Additional information
- Memory anomaly: during this run, each
sfprocess was consuming ~4 GB of RAM on this specific org. This does not happen with other orgs. We do not know if this is related. - No reproduction on pipeline: the issue only manifests at full-org scale. Small subsets retrieve fine.
- Identical checksums across all failures: the
expectedandactualSHA1 values in theisomorphic-giterror are literally the same string in every single failing invocation across the entire 3.6 GB log. This is not random corruption. - Org type: production sandbox with managed packages installed (multiple namespaces including
NE__). - CLI version in use: 2.110.3 (upgrade blocked by Using --flags-dir on (third-party) sf plugins does not work #3493).
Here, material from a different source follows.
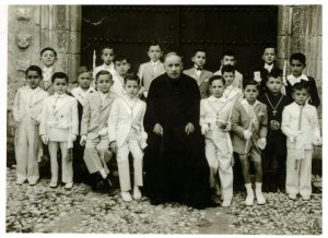 El arcipreste Joaquín Garzón Carmona, rodeado de primocomulgantes en la puerta de San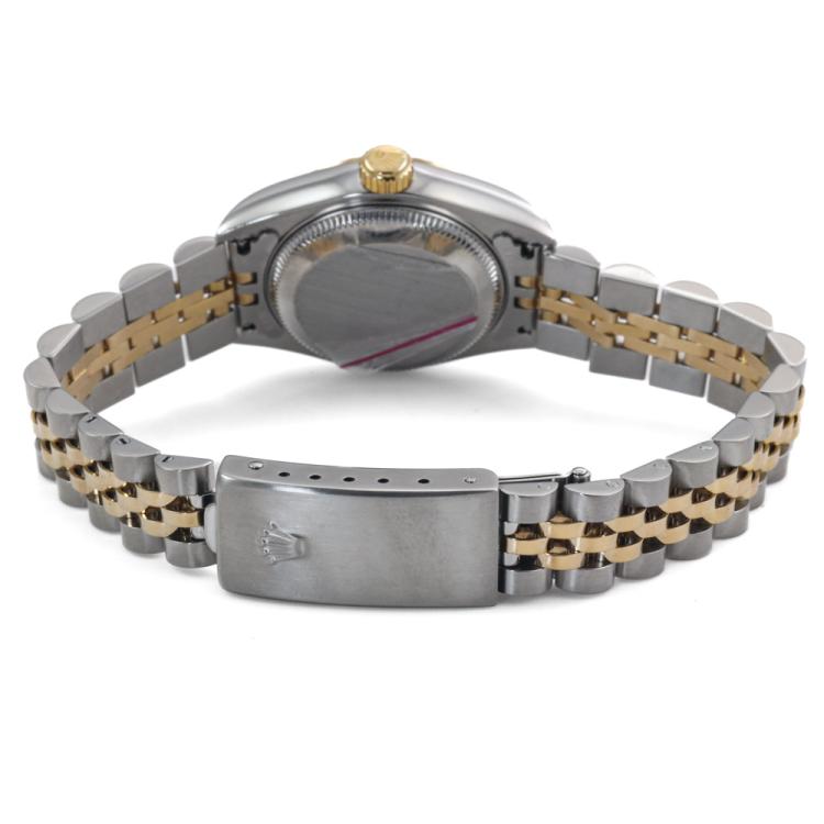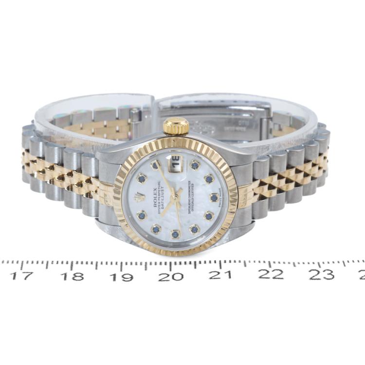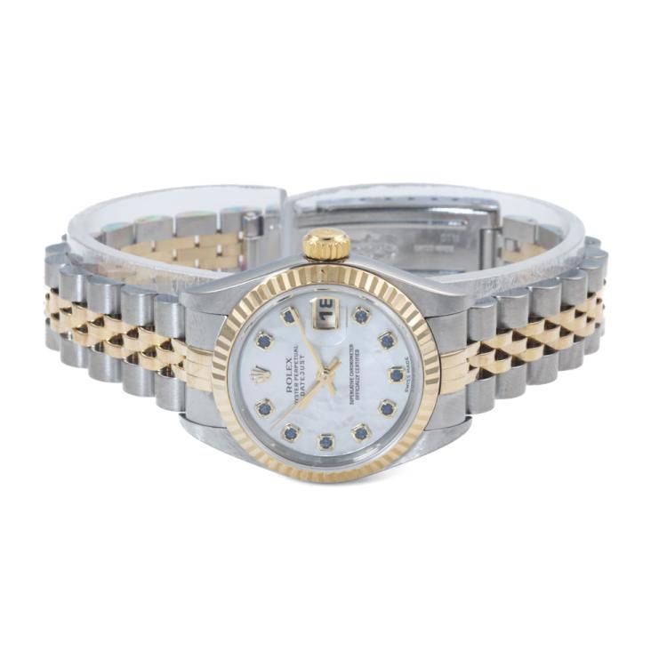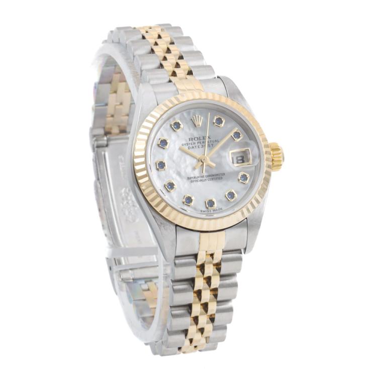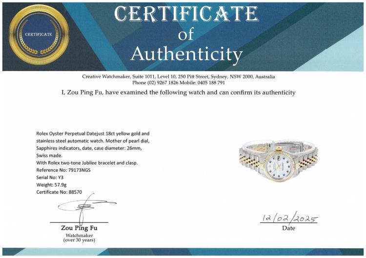 Rolex Oyster Perpetual Datejust 18ct yellow gold and stainless steel automatic ladies watch. Mother of Pearl dial, Sapphires indicators, date, case diameter: 26mm, wrist size: 17.5cm, Swiss made. Ref# 79173NGS. Circa: 2002. With Rolex two-tone Jubilee bracelet and clasp. With Certificate of Authenticity and Rolex box. 3 month FSA warranty (Pre-owned)

We are happy to provide additional log excerpts, the sf doctor output, or any other diagnostic information that might help narrow down the root cause. We understand this is a complex scenario and we appreciate your time.
System Information
- Shell: zsh on macOS
- CLI version: 2.110.3 (upgrade intentionally held back due to Using --flags-dir on (third-party) sf plugins does not work #3493)
{
"architecture": "darwin-arm64",
"cliVersion": "@salesforce/cli/2.123.1",
"nodeVersion": "node-v24.13.1",
"osVersion": "Darwin 25.2.0",
"rootPath": "/opt/homebrew/lib/node_modules/@salesforce/cli",
"shell": "zsh",
"pluginVersions": [
"@oclif/plugin-autocomplete 3.2.35 (core)",
"@oclif/plugin-commands 4.1.34 (core)",
"@oclif/plugin-help 6.2.33 (core)",
"@oclif/plugin-not-found 3.2.68 (core)",
"@oclif/plugin-plugins 5.4.48 (core)",
"@oclif/plugin-search 1.2.32 (core)",
"@oclif/plugin-update 4.7.8 (core)",
"@oclif/plugin-version 2.2.33 (core)",
"@oclif/plugin-warn-if-update-available 3.1.48 (core)",
"@oclif/plugin-which 3.2.40 (core)",
"@salesforce/cli 2.110.3 (core)",
"agent 1.24.13 (core)",
"apex 3.8.3 (core)",
"api 1.3.3 (core)",
"auth 3.9.9 (core)",
"data 4.0.58 (core)",
"deploy-retrieve 3.23.3 (core)",
"info 3.4.88 (core)",
"limits 3.3.67 (core)",
"marketplace 1.3.8 (core)",
"org 5.9.32 (core)",
"packaging 2.20.5 (core)",
"schema 3.3.82 (core)",
"settings 2.4.48 (core)",
"sobject 1.4.73 (core)",
"telemetry 3.6.58 (core)",
"templates 56.3.65 (core)",
"trust 3.7.113 (core)",
"user 3.6.38 (core)",
"apex-code-coverage-transformer 2.14.1 (user) published 120 days ago (Mon Oct 27 2025) (latest is 2.17.0)",
"sfdx-plugin-source-read 1.5.6 (user) published 164 days ago (Sun Sep 14 2025)"
]
}Run
sf version --verbose --jsonand paste the output above before submitting.